Finally, I can put the red pen away, and I’ll have President I can be proud of, both grammatically and rhetorically.  Obama speaks as if he is writing a good novel, each sentence tightly structured, with multiple clauses and phrases, all properly coordinated, and composed of real words – used properly.  

The (grammar) nightmare is over.

Take a look at the opening of Obama’s victory speech, in which he demonstrates gold-medal verbal gymnastics:

“If there is anyone out there who still doubts that America is a place where all things are possible, who still wonders if the dream of our founders is alive in our time, who still questions the power of our democracy, tonight is your answer.”
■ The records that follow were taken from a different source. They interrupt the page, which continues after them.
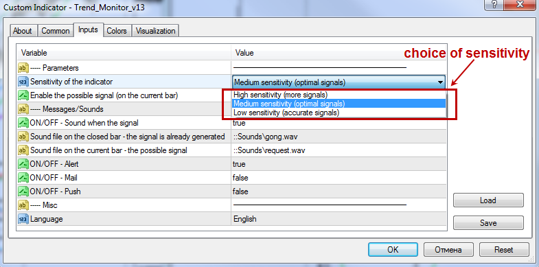 Обращаю Ваше внимание, что начиная с версии 1.2 настройки индикатора не соответствуют описанию на первой странице! Теперь всё множество сложных настроек фильтров сведено к одному простому параметру - выбору чувствительности “ Sensitivity of the indicator ” (см. рисунок):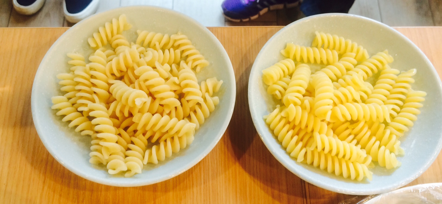 小麦についてのミニレクチャーもあり、実際に市販のパスタと古代小麦の低温乾燥パスタを茹で比べ、その違いを実感して頂きました。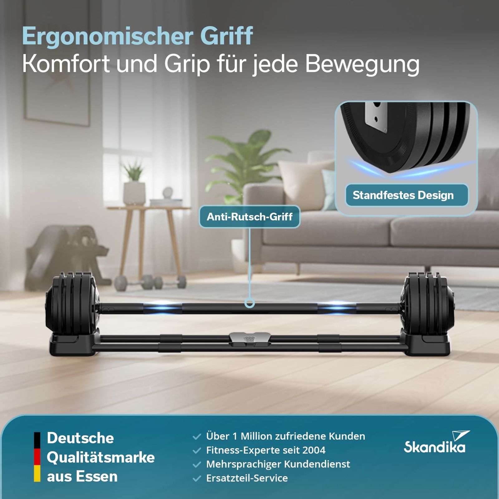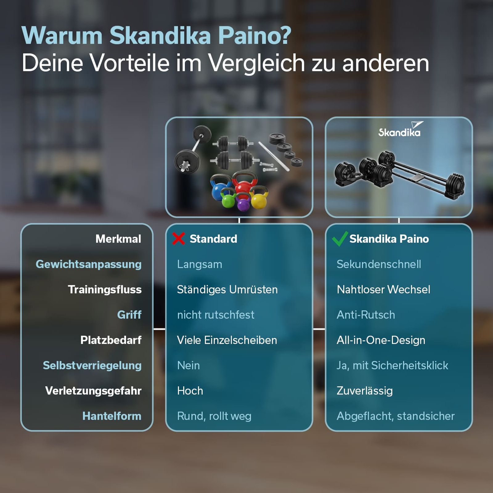 Mit dem Skandika 3-in-1 Hantelset Paino wird das Heimstudio zur vollwertigen Kraftstation. Dieses innovative Trainingsset vereint drei essenzielle Trainingsgeräte in einem einzigen kompakten System und bietet damit maximale Vielseitigkeit auf minimalem Raum. Die mitgelieferten Gewichtsscheiben lassen sich wahlweise als Kurzhantel, Langhantel oder Kettlebell nutzen, sodass nahezu jede Kraftübung realisierbar wird. Dank des intelligenten Schnellwechselsystems mit Selbstverriegelungstechnik und insgesamt 12 Gewichtsstufen pro Konfiguration ermöglicht das Set progressives und abwechslungsreiches Training für jedes Leistungsniveau.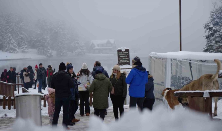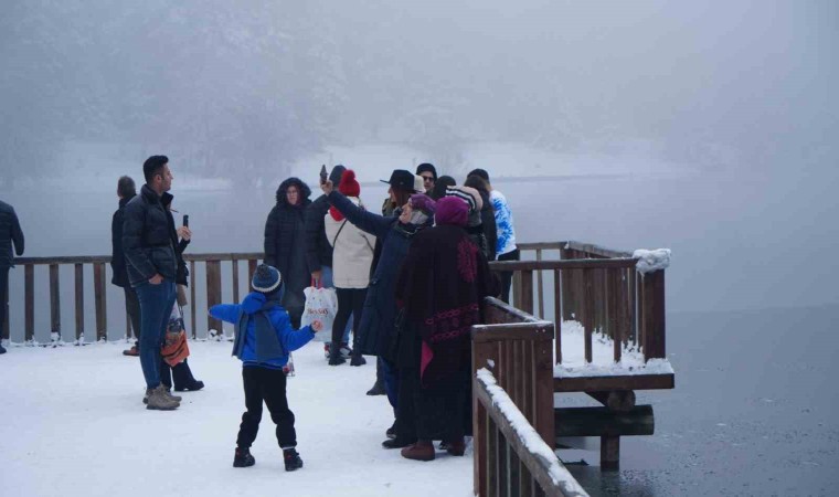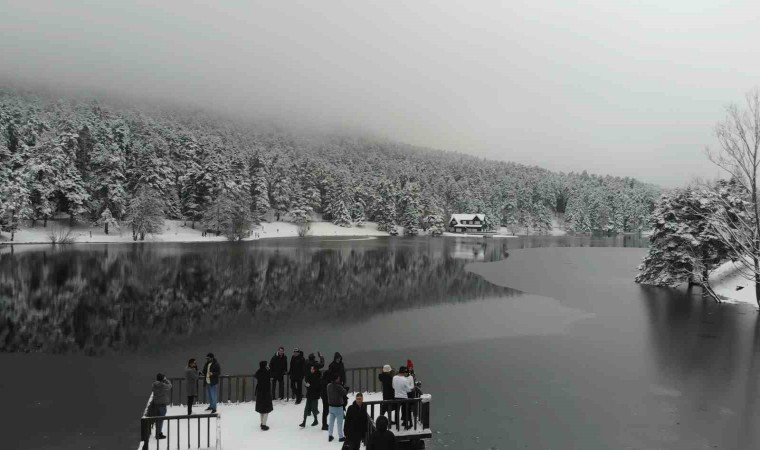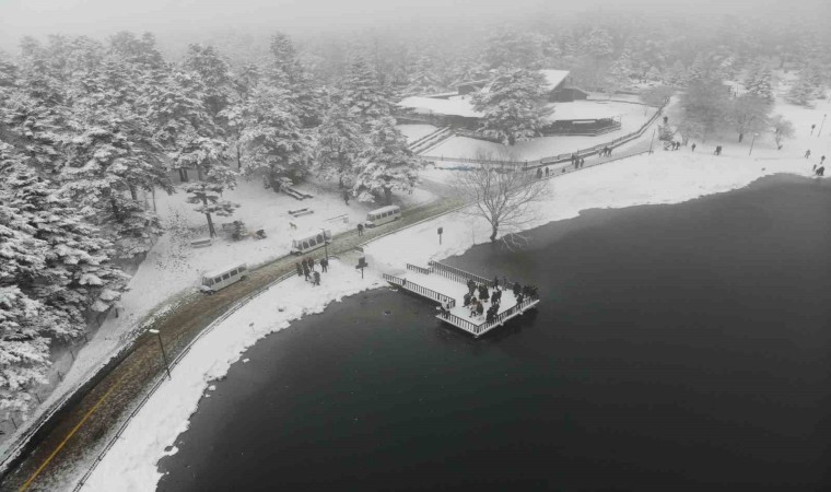 Bolu’nun incisi olarak tabir edilen Gölcük Tabiat Parkı’nda etkili olan kar yağışı dolayısıyla kartpostallık manzaralar ortaya çıktı. Ziyaretçiler ise göl etrafında yürüyüş yaparak, doğayla iç içe vakit geçirdi.

In just a single sentence, Obama uses multiple adjective clauses, all yolked together with expert precision, yet absolute clarity – sophisticated yet simple. He then repeats the word “answer” in the next three paragraphs to build a rhetorical rhythm, illustrating the relationship between his historic win, the civil rights movement, and the goals of the Founder’s themselves, like a gymnast performing a challenging routine, or a quilter weaving a complex tapestry.
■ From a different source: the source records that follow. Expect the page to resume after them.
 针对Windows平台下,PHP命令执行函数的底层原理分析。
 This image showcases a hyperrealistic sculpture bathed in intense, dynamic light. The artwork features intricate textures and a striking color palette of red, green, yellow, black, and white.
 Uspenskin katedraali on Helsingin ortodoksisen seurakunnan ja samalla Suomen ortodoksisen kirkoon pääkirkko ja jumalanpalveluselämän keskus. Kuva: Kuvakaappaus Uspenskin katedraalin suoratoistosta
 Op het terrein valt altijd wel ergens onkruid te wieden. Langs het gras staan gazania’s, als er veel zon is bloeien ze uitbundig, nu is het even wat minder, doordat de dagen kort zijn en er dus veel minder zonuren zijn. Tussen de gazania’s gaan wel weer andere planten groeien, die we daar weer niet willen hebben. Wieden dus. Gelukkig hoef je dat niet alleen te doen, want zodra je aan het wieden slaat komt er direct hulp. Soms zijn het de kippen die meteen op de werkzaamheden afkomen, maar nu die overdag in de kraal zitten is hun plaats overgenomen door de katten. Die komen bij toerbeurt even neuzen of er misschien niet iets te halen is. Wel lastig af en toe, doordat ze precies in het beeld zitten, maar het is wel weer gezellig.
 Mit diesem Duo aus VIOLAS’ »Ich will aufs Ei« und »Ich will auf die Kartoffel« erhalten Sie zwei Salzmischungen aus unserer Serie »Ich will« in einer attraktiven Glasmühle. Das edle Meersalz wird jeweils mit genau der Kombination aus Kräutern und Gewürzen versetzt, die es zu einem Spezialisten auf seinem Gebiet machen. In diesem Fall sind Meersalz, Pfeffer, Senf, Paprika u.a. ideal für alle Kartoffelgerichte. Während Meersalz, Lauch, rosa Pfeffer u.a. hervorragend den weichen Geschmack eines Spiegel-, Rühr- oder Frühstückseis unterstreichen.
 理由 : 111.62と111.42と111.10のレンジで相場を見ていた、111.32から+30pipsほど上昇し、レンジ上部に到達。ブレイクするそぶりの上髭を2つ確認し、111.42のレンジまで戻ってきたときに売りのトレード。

Obama makes even clichés sound fresh, by using such innovative linguistic tricks as “adjectives”:  Let us remember that, if this financial crisis taught us anything, it's that we cannot have a thriving Wall Street while Main Street suffers.”

And who could forget the soon-to-be historic biography of 106 year old Ann Nixon Cooper? Through the eyes of Ms. Nixon, Obama shows us our past, our troubled present, and a hopeful future, which even Joe the Plumber couldn’t help to become teary-eyed at:

“She was there for the buses in Montgomery, the hoses in Birmingham, a bridge in Selma, and a preacher from Atlanta who told a people that ‘We Shall Overcome.’ Yes we can.”

And from here, Obama builds another rhetorical rhythm with “Yes We Can,” stitching the audience themselves into the eternal tapestry of history in the making, making each of us feel part of solving this troubled present, through words alone.

In fact, Obama is such a remarkable orator, that rumors have spread that he is actually hypnotizing us, to “make you feel like the decision to support Obama is your own, when it is really, at least for many, implanted artificially through hypnosis.” (and, as one astute forum poster responded “It’s called good public speaking”).

No one – not even the nuttiest conspiracy theorist – can deny that Obama is an excellent speaker.   And I am looking forward to hearing his calm voice, and his sophisticated rhetoric for at least the next four years. Frankly, I wouldn’t mind if Obama began his own series of FDR-esque “Fireside Chats,” or really, daily bed-time stories – just to hear his calm voice, coupled with his profound facility with words.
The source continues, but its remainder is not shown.